Ильдар: – Очень странный вопрос ты задаешь. На самом деле уже все сделано, все должно происходить само собой. Если брать художественную часть, то есть художественную каплю нашего города, то надо ставить вопрос так, чтобы эта капля вся жила, вместе с теми, кто ушел, и кто в ней есть, и кто в ней будет. Я не думаю что необходимо какие-то культы выращивать. Ты знаешь, сколько художников в этом городе умерло?
Картины-то их остались.
Леонид: Картины Махотина можно поместить в основную экспозицию Музея изобразительных искусств. Поставили вот хороший памятник на кладбище. К Махотину ходят, его помнят. Достаточно приличный статус у него! Можно еще доску на Башне установить. Анатолий Гробов сделал второй проект памятника художнику для Плотинки.
Ильдар: Все все забывают.
Леонид: Мы же не забываем, делаем например выставку «День рождения Махотина». И заметь, начинается движение вокруг Елового – хотят дуб в саду спасти.
Светлана: Это чтобы дом Елового не снесли.
Леонид: Ну как не снесут такую развалюху? В центре города! Он же там просто жил!
Светлана: Нет, не просто жил. Там Музей простого искусства Урала и Сибири был создан. Олег его организовал и зарегистрировал. Там была коллекция картин примитивистов, которую он собирал для музея, там жили коммуной художники.
Ильдар: Там место давно куплено, все это чье-то уже. Ты обрати внимание: центр города весь столбиками размечен. Он уже потихоньку весь чей-то. Ты будешь прогуливаться однажды, и тебе захочется в какой-нибудь двор зайти – на скамейке посидеть. И ты вдруг обнаружишь, что зайти нельзя, что все не просто так. Тут – заборчики какие-то, там – замочки.

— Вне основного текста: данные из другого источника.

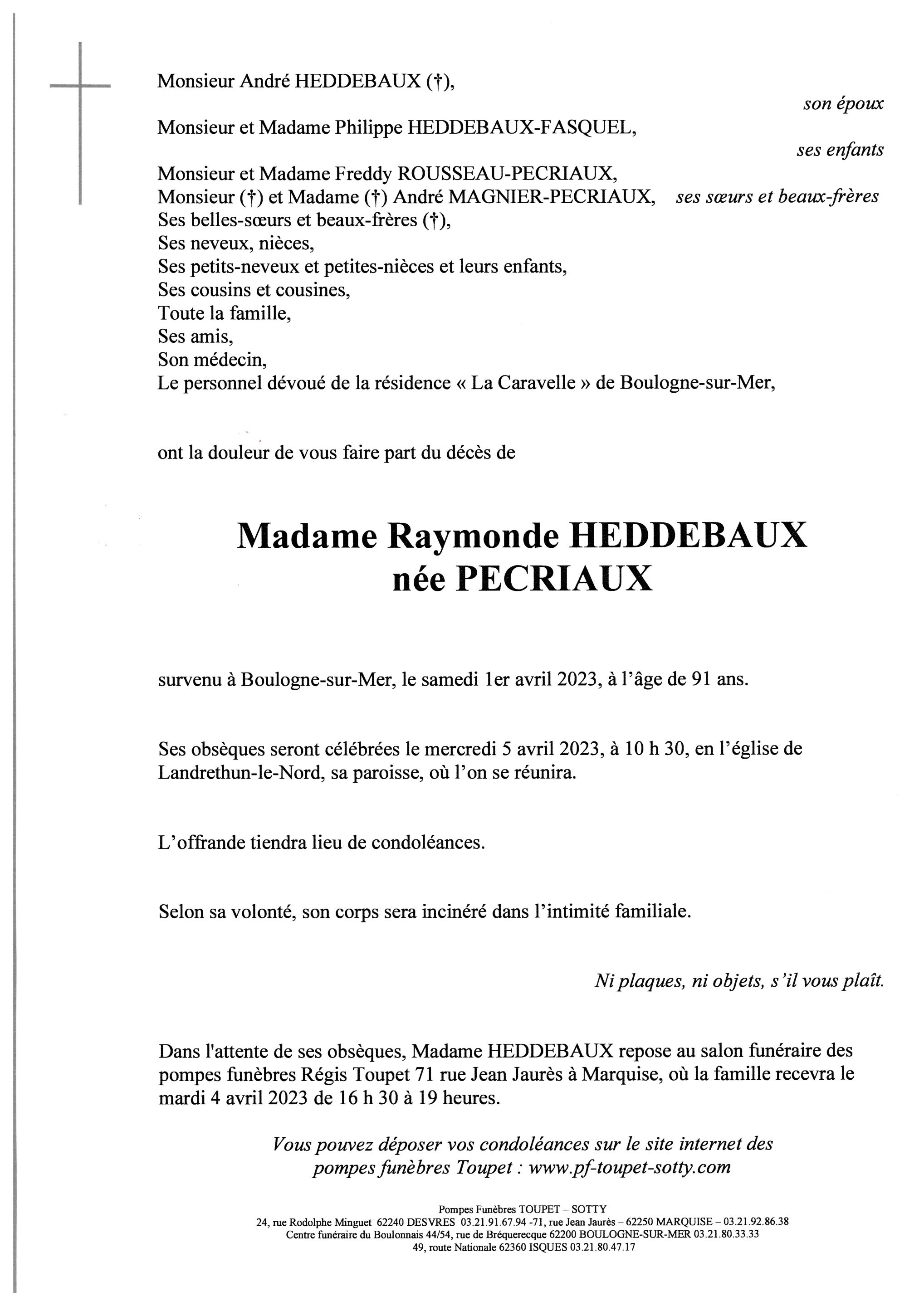 Madame Raymonde HEDDEBAUX

Леонид: Замки? Это хорошо, с одной стороны, совковости зато нет.
Светлана: А помните время «совковое»? Ты, Леня, не ностальгируешь?
Леонид: Я не ностальгирую. Я люблю свое счастье свободное.
Ильдар: Что свидетельствует о достаточности тех ресурсов, которыми ты сейчас обходишься. Это очень важно. Многим людям ресурсы, которыми они располагают, какими бы они ни были огромными, не кажутся достаточными, и они все нервничают. Это бесконечная игра такая.
Леонид: Когда едешь на юг рисовать, то там зарабатываешь по тысяче рублей ежедневно. И каждый вечер гарцуешь по кабакам. Приезжаешь домой – денег опять нет. То есть ты живешь в Анапе, как барин, это все равно роскошь, родителям нашим не понять.
Светлана: Ты ж парторгом был в художественном училище… Ты с завода в училище пришел такой правильный!
Леонид: Какой парторг? Я «Комсомольский прожектор» просто вел. И старостой группы был. Я моралист все равно, я все равно воспитан в тех еще традициях.